On December 11, the 1st Panel of Brazil’s Superior Court of Justice (STJ) ruled to uphold the inclusion of PIS and COFINS contributions in the calculation base for ICMS (State Value-Added Tax). The unanimous decision, issued under the system of repetitive appeals, carries binding effect for lower courts, except for the Federal Supreme Court (STF).
Justice Paulo Sérgio Domingues, the presiding judge, emphasized that current legislation does not explicitly provide for the exclusion of PIS and COFINS from the ICMS tax base. According to Justice Domingues, the principle of strict legality requires that any exclusions be expressly stated in legal provisions. In the absence of such provisions, the court established the legal precedent that “including PIS and COFINS in the ICMS tax base complies with the law in cases where the tax base is the transaction value, as it constitutes an economic pass-through.”
The Justice also noted that this decision does not affect the overall tax burden, as the inclusion of these contributions in the ICMS tax base is a well-established practice.
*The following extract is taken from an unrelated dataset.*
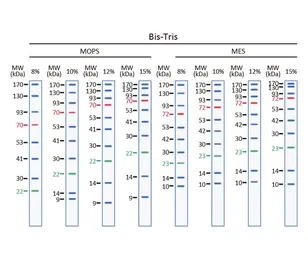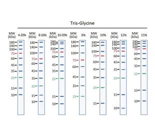 The GTX49384 Trident Prestained Protein Ladder (Standard Range) is a ready-to-use three-color protein standard with 10 pre-stained proteins covering a wide range of molecular weights from 10 to 180 kDa in Tris-Glycine Buffer (9 to 170 kDa in Bis-Tris (MOPS) buffer and 10 to 180 kDa Bis-Tris (MES) buffer). Proteins are covalently coupled with a blue chromophore except for two reference bands (one green and one red band at 25 kDa and 75 kDa respectively) when separated on SDS-PAGE (Tris-Glycine buffer). GTX49384 Trident Prestained Protein Ladder is designed for monitoring protein separation during SDS-polyacrylamide gel electrophoresis, verification of Western transfer efficiency on membranes (PVDF, nylon, or nitrocellulose) and for approximating the size of proteins.

Since there was no shift in legal interpretation, there was no need to modulate the decision’s effects, allowing the government to retroactively enforce the tax collection.
Justice Domingues rejected the application of the STF’s ruling in “Theme 69” (commonly referred to as the “case of the century”), which excluded ICMS from the calculation base of PIS and COFINS. The differentiation lies in the ICMS having both an economic and a constitutionally defined legal incidence, while PIS and COFINS are purely economic and do not directly apply to the final consumer.
Although this STJ ruling sets an important precedent, there is still room for motions for clarification and potential appeals to the STF. The debate involves constitutional principles such as legality and contributive capacity, which may warrant further review by the Supreme Court.